Basically, don't kill yourself to give your baby the 'perfect' holiday, but throw it for yourself and make sure he is included. You'll be glad you did.

sweetbasil
04-18-2003, 05:31 PM
Flagger,
I've got to echo the other posts here...while DS had no clue about the egg hunting thing at Easter when he was 5 mo. old, I love seeing the differences in him from year to year when we do the egg hunts- this year will be his third, and it's the first time he's told people that he's been "rilly rilly sweet so da bunny wul bring me a baskit"

You might especially enjoy such photo ops, Flagger; I've made a page on our family website that's called Then and Now, where I place a picture from years past next to a current one- so this year, I can line up his Easter pics and let family/friends really see how much he's grown.

Not to say you have to go all out at holidays- this past year for Christmas we took a big family (my parents, sister/BIL, me, DH, & DS) trip to Telluride and didn't exchange gifts. Santa brought DS a coloring book, and his sweet aunt and uncle got him a reading book, and he was totally thrilled with both. We figure it's one of the last years we could be cheap and him not think he was cheated out of something.... :)

kapow
04-18-2003, 06:05 PM
What a great story! :)

egoldber
04-18-2003, 06:50 PM
I have to agree with the others. Holidays are a time for family. So I completely agree with not buying a ton of gifts, especially the first few years. (But be prepared with a list of things you would like for Cocoa for the next 6 months or so, so that you can have a quick answer for other folks who WILL want to get her gifts.) And this last holiday season, when Sarah was around 16 months, she got a huge kick out of opening gifts, watching others open gifts, her younger cousins got a kick out of helping her open gifts, etc. So while she won't remember her first holidays, you and your DW will, and she will enjoy hearing about it when she is older.

And as far as birthdays go, you don't need to do a huge celebration. But we invited over a few of Sarah's playmates and a couple neighborhood kids. She had a really good time, I made her a special "big girl" party dress and everyone had a lot of fun. Again, I think a lot of these things are about traditions and memories, but not about the gifts. And your first child will only turn one once.

But of course, you and your DW need to work out your own family traditions and do what will be special for your family.

HTH,

stella
04-18-2003, 08:22 PM
I may be wrong, but I doubt it. (that's the name of Charles Barclay's new book - I saw him today on Oprah - and I think it applies here.)

Dont' even bother saying what you are and aren't going to do, because once that little Cocoa enters the world, you'll be a changed man. I don't care how prepared you think you are. It's mind-boggling.
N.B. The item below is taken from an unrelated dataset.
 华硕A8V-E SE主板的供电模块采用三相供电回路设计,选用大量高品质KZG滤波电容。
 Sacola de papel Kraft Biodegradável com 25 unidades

My dh was Mr. Practicality and so tight when it came to discretionary spending, and now nothing but the finest will do for our babies (22 mos and 5 months). We have more toys and more things that dh bought because he thinks the babies will really like it. Even if it's for 3 year olds or exorbitantly expensive.

You may not want to go overboard on Christmas, but I wouldn't miss the photo ops for anything. We didn't buy our little boy much for his 1st Christmas (he was 6 months), but part of the reason was that we were bursting at the seams with his stuff already. Get ready to be overtaken by giant plastic gear all through your house. I'm pretty convinced it's unavoidable.

Like you said, the baby may not appreciate the holiday, but YOU will and you will laugh at the idea that you were going to just skip it.

Good Luck!

ddmarsh
04-18-2003, 10:16 PM
Creating holiday memories with my children is so incredible I often pause and wonder what on earth will be the point of continuing holidays when they're "too big" for it all. There is honestly nothing like it on earth, particularly when they begin to become aware of it but even beforehand I really enjoy it. I agree with what someone above mentioned about life post-child(ren) - you really can't anticipate what it is going to be like and I think for most people it turns out to be far more than you could have possibly dreamed. Enjoy it, they really are little for such a short time.